A theoretical biologist says the activities and presence of human beings have become one of the largest drivers of evolutionary change everywhere on the planet.

A white-winged crossbill sits in a tree near the Highwood Pass on Sept. 4, 2018. A new paper based on research from around the globe concludes that human beings have radically reshaped evolution for everything from birds to fish to plants.

Mike Drew/Postmedia

VANCOUVER — Swallows are evolving smaller, more manoeuvrable wings to help them dodge buildings and vehicles.

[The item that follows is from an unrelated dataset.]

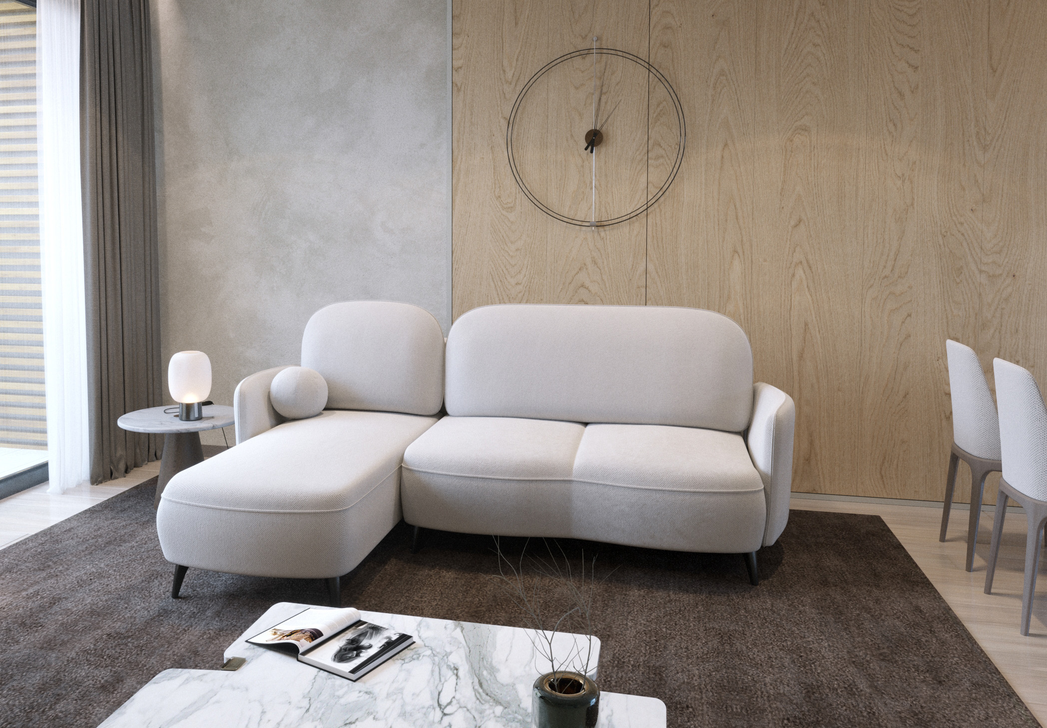 Solidna konstrukcja oparta na drewnie sosnowym i bukowym gwarantuje stabilność, która jest kluczowa dla mebli codziennego użytku. Całość osadzona została na smukłych, czarnych nóżkach o wysokości 12 cm, które nadają narożnikowi wizualnej lekkości i ułatwiają utrzymanie czystości pod meblem – bez problemu zmieści się tam większość robotów sprzątających. Minimalistyczne wykończenie w modnych odcieniach beżu sprawia, że narożnik CLOUD staje się uniwersalną bazą dla wielu aranżacji, od surowych wnętrz industrialnych po przytulne przestrzenie w stylu nowoczesnym.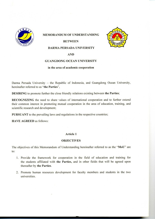 20 April 2016 MOU Unsada and Guangdong Ocean University in the area of Academic Cooperation

Some fish are growing mouths that are smaller and harder to hook.

Large animals from caribou to tuna are disappearing.

Meanwhile, it’s boom time for anything not too fussy about where it lives or what it eats.

“It’s a reshaping of the tree of life,” said Sarah Otto, a University of British Columbia researcher, whose paper was published Wednesday by the London-based Proceedings of the Royal Society.

Otto, a much-awarded and highly regarded theoretical biologist, says the activities and presence of human beings have become one of the largest drivers of evolutionary change everywhere on the planet.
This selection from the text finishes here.